◆ EXERCISE GOAL
Skip any image you find and restate the rest of the data word for word.

[DATASET RECORDS]

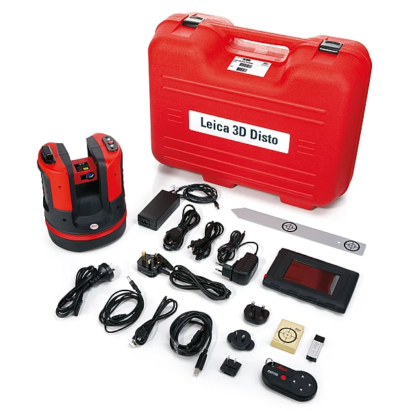 Leica 3D Disto оснащен пультом дистанционного управления и контрольной панелью – планшетом с сенсорным экраном. Они могут быть связаны при помощи кабеля или по радиоканалу. В прибор встроен калькулятор для проведения небольших расчетов. Память планшета достигает 500 Гб. В комплекте с дальномером идут специальные маячки, программное обеспечение, удобный кейс и огромная инструкция.
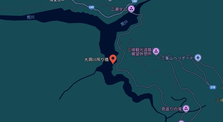 秩父湖のつり橋データ:埼玉県秩父市大滝 国道140号線
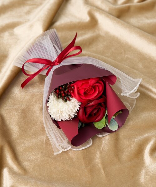 クリスマス限定カラーのソープフラワーブーケ華やかなレッドと深みのあるボルドーに、ホワイトのアクセントを添えたソープフラワーブーケ。
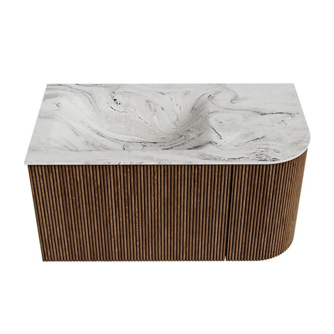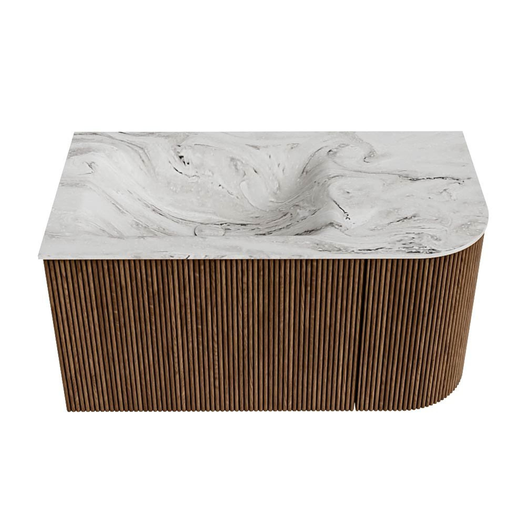 MONDIAZ KURVE-DLUX 85cm badmeubel met module 25 R kleur Walnut met 1 lade en 1 deur. Wastafel CLOUD links zonder kraangat kleur Glace.
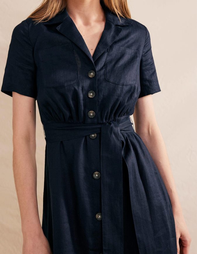 Ši lininė midi suknelė yra lengva, kvėpuojanti ir patogi visą dieną. naudokite juosmens kaklaraiščius, kad dar labiau išryškintumėte glostančią priglundančią ir besiplečiančią formą.
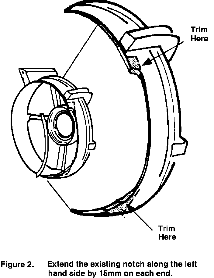 To modify the RH fan shroud (P/N 83 19 931), use a hack saw or a cut off wheel to remove the flange on the RH side (See Figure 1). You must also notch a 10 mm X 10 mm section out of each end of the curved section of the shroud (Figure 1).
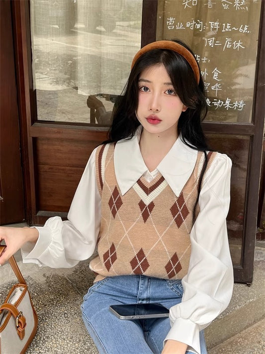 French-style Vintage White Polo-collar Long-sleeve Shirt
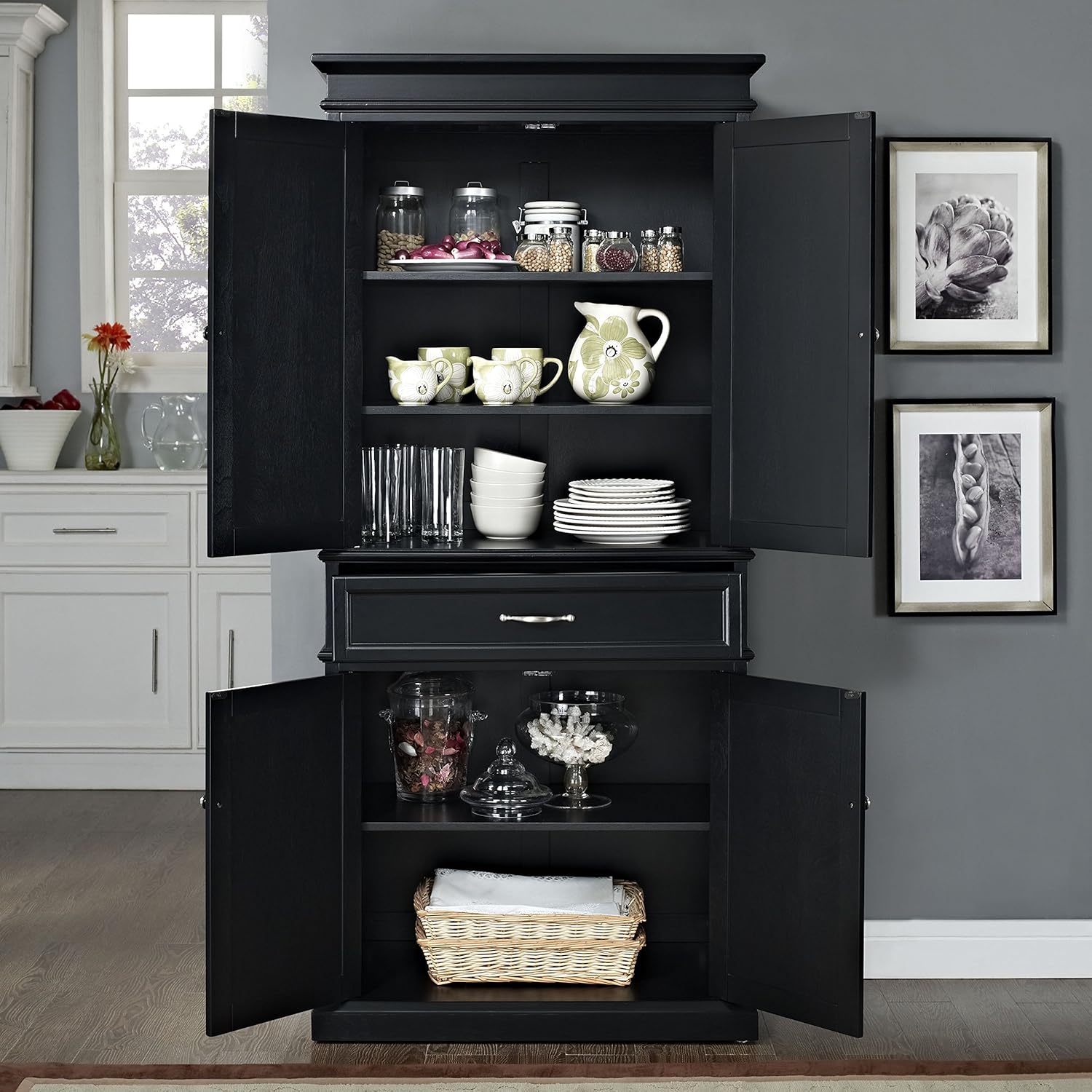 black pantry cabinet
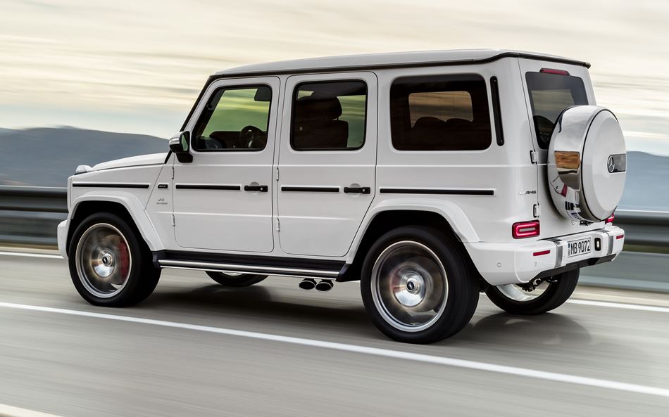 Der AMG 4,0-Liter-V8-Biturbomotor löst nun auch im G 63 den bisherigen 5,5-Liter-V8-Biturbomotor ab. Er leistet hier 585 PS und stellt ein maximales Drehmoment von 850 Nm bereit. Es steht über ein breites Drehzahlband von 2.500 bis 3.500/min zur Verfügung und vermittelt so das Gefühl überlegener Souveränität. Der Spurt aus dem Stand auf Tempo 100 km/h ist in 4,5 Sekunden erledigt. Der dynamische Vortrieb reicht bis zur abgeregelten Höchstgeschwindigkeit von 220 km/h, mit AMG Driver‘s Package bis 240 km/h.
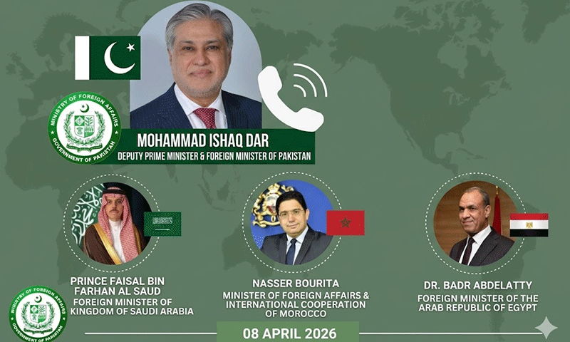 نائب وزیر اعظم و وزیر خارجہ نے مراکش، سعودی عرب، مصر اور ترکیہ کے وزرائے خارجہ سے علیحدہ علیحدہ ٹیلیفونک گفتگو کی۔
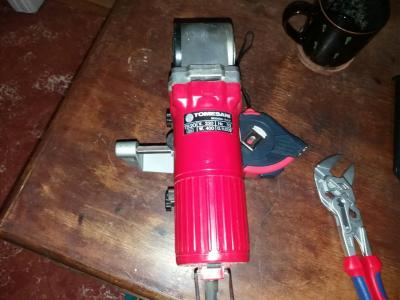 Δεν έκανε καιρό να ασχοληθώ στη ταράτσα με τον τροχό σήμερα, οπότε αναβάλλεται για αύριο το τεστ ντράιβ Σε άλλα νέα πήγα από τον Παυλάτο παρέα με έναν πολύ καλό φίλο και αγόρασε ένα ρούτερ της Black&Decker το KW1600EKA-QS και εκει με περίμενε ένα δώρο. Ενας ταινιολειαντήρας τούμπανο που κάνει αυτόν που έχω να δείχνει παιχνιδάκι. Ιταλός ο νέος Tomesani TB20. Παλιό αλλά καλοδιατηρημένο εργαλείο. Παίζει να έχω ένα απο τα λίγα κομμάτια που υπάρχουν στην Ελλάδα Την μάρκα δεν την ήξερα και λογικό μιας και είμαι νέα στον τομέα των εργαλείων. Εκανα μία δοκιμή πριν μπει στο ράφι και είναι πραγματικό θηρίο. Παρόλο που είναι μικρός σε μέγεθος έχει βάρος 4 κιλά!! Είναι και κόκκινος -
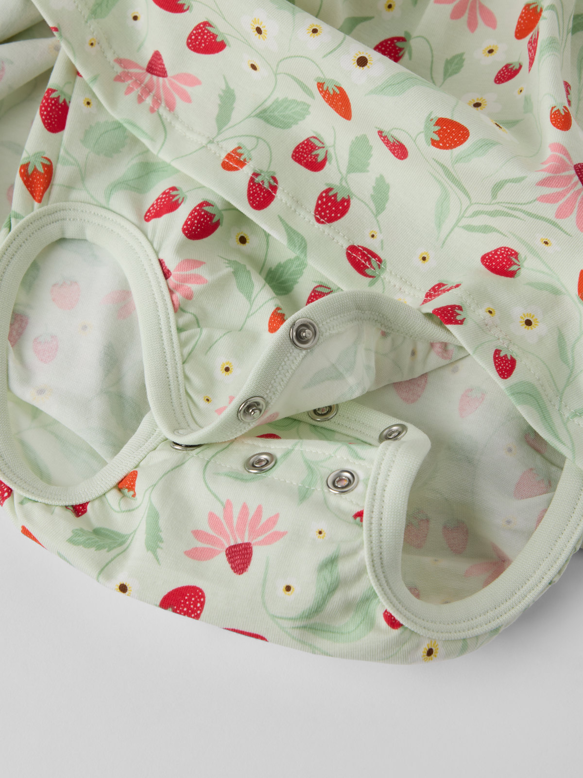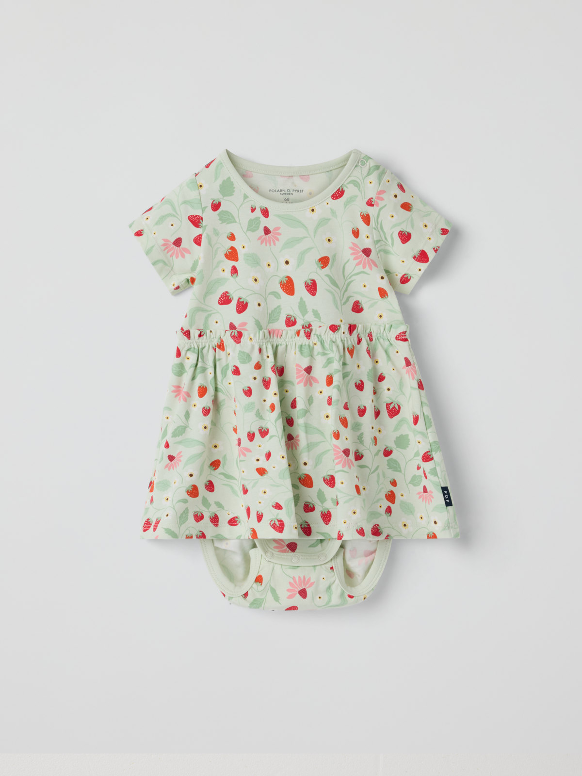 Short-sleeved dress bodysuit in soft organic cotton for the tiniest ones – ideal for both playtime and parties! The dress bodysuit features an all-over strawberry pattern and hidden poppers on one shoulder. Poppers at the crotch make dressing and nappy changes easy.
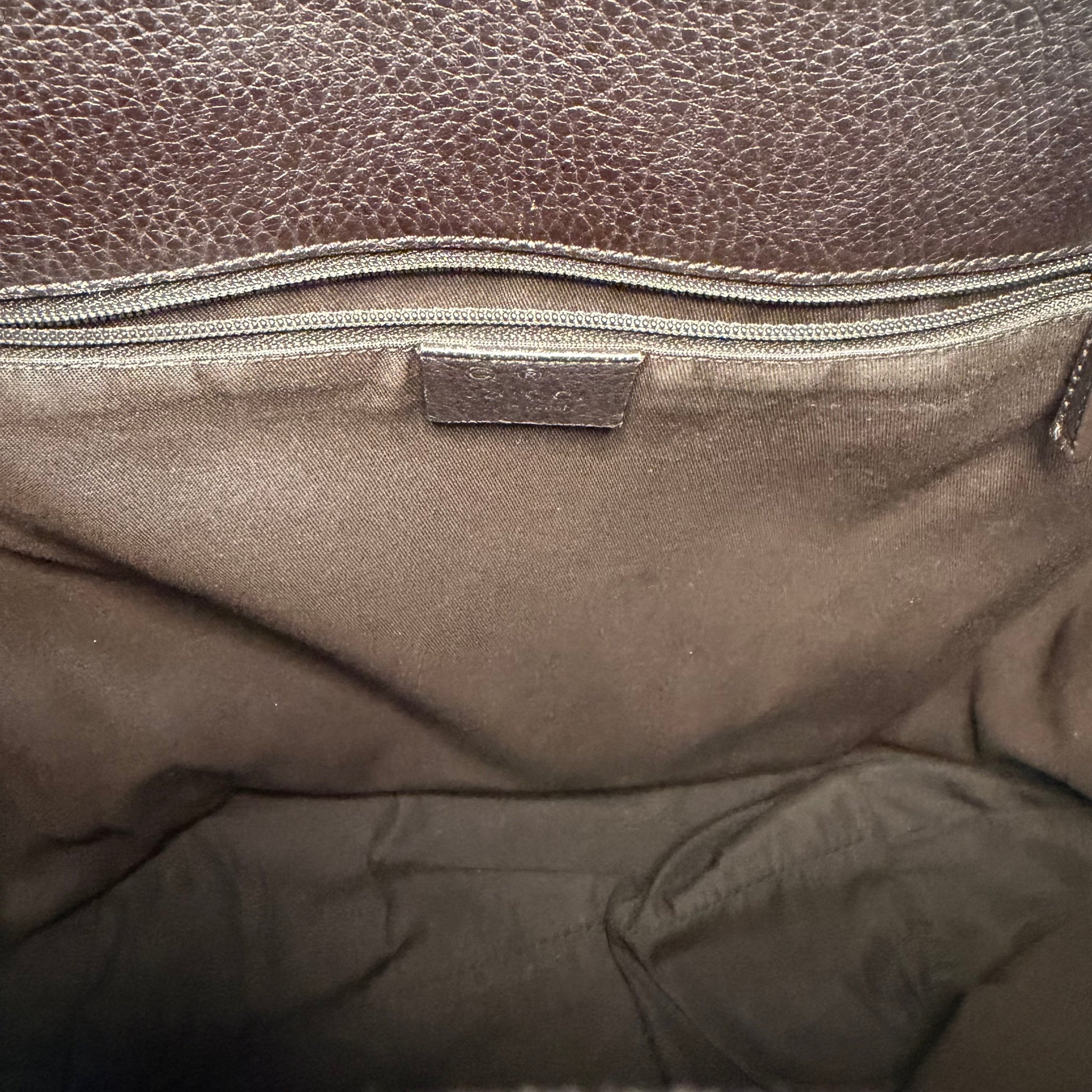 This bag doesn't have a closure, per se, but it does sinch up so the top doesn't just flop open. It's really a beautiful bag. The interior has been cleaned, is very roomy, and contains one zippered pocket.
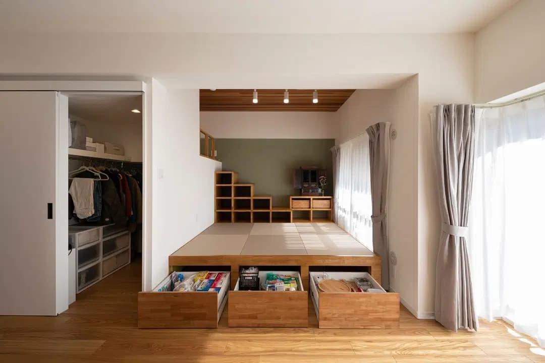 憧れの小上がりで心ゆくまで寛ぐには、生活感を見せない収納の工夫が欠かせません。
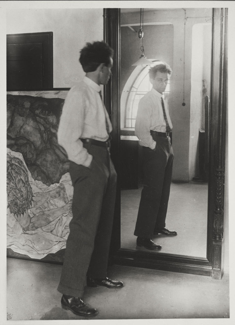 JOHANNES FISCHER (1888-1955) Egon Schiele in front of large studio mirror, Vienna 1915

[/DATASET RECORDS]

◆ RESPONSE AREA
 Leica 3D Disto оснащен пультом дистанционного управления и контрольной панелью – планшетом с сенсорным экраном. Они могут быть связаны при помощи кабеля или по радиоканалу. В прибор встроен калькулятор для проведения небольших расчетов. Память планшета достигает 500 Гб. В комплекте с дальномером идут специальные маячки, программное обеспечение, удобный кейс и огромная инструкция.
 秩父湖のつり橋データ:埼玉県秩父市大滝 国道140号線
 クリスマス限定カラーのソープフラワーブーケ華やかなレッドと深みのあるボルドーに、ホワイトのアクセントを添えたソープフラワーブーケ。
 MONDIAZ KURVE-DLUX 85cm badmeubel met module 25 R kleur Walnut met 1 lade en 1 deur. Wastafel CLOUD links zonder kraangat kleur Glace.
 Ši lininė midi suknelė yra lengva, kvėpuojanti ir patogi visą dieną. naudokite juosmens kaklaraiščius, kad dar labiau išryškintumėte glostančią priglundančią ir besiplečiančią formą.
 To modify the RH fan shroud (P/N 83 19 931), use a hack saw or a cut off wheel to remove the flange on the RH side (See Figure 1). You must also notch a 10 mm X 10 mm section out of each end of the curved section of the shroud (Figure 1).
 French-style Vintage White Polo-collar Long-sleeve Shirt
 black pantry cabinet
 Der AMG 4,0-Liter-V8-Biturbomotor löst nun auch im G 63 den bisherigen 5,5-Liter-V8-Biturbomotor ab. Er leistet hier 585 PS und stellt ein maximales Drehmoment von 850 Nm bereit. Es steht über ein breites Drehzahlband von 2.500 bis 3.500/min zur Verfügung und vermittelt so das Gefühl überlegener Souveränität. Der Spurt aus dem Stand auf Tempo 100 km/h ist in 4,5 Sekunden erledigt. Der dynamische Vortrieb reicht bis zur abgeregelten Höchstgeschwindigkeit von 220 km/h, mit AMG Driver‘s Package bis 240 km/h.
 نائب وزیر اعظم و وزیر خارجہ نے مراکش، سعودی عرب، مصر اور ترکیہ کے وزرائے خارجہ سے علیحدہ علیحدہ ٹیلیفونک گفتگو کی۔
 Δεν έκανε καιρό να ασχοληθώ στη ταράτσα με τον τροχό σήμερα, οπότε αναβάλλεται για αύριο το τεστ ντράιβ Σε άλλα νέα πήγα από τον Παυλάτο παρέα με έναν πολύ καλό φίλο και αγόρασε ένα ρούτερ της Black&Decker το KW1600EKA-QS και εκει με περίμενε ένα δώρο. Ενας ταινιολειαντήρας τούμπανο που κάνει αυτόν που έχω να δείχνει παιχνιδάκι. Ιταλός ο νέος Tomesani TB20. Παλιό αλλά καλοδιατηρημένο εργαλείο. Παίζει να έχω ένα απο τα λίγα κομμάτια που υπάρχουν στην Ελλάδα Την μάρκα δεν την ήξερα και λογικό μιας και είμαι νέα στον τομέα των εργαλείων. Εκανα μία δοκιμή πριν μπει στο ράφι και είναι πραγματικό θηρίο. Παρόλο που είναι μικρός σε μέγεθος έχει βάρος 4 κιλά!! Είναι και κόκκινος -
 Short-sleeved dress bodysuit in soft organic cotton for the tiniest ones – ideal for both playtime and parties! The dress bodysuit features an all-over strawberry pattern and hidden poppers on one shoulder. Poppers at the crotch make dressing and nappy changes easy.
 This bag doesn't have a closure, per se, but it does sinch up so the top doesn't just flop open. It's really a beautiful bag. The interior has been cleaned, is very roomy, and contains one zippered pocket.
 憧れの小上がりで心ゆくまで寛ぐには、生活感を見せない収納の工夫が欠かせません。
 JOHANNES FISCHER (1888-1955) Egon Schiele in front of large studio mirror, Vienna 1915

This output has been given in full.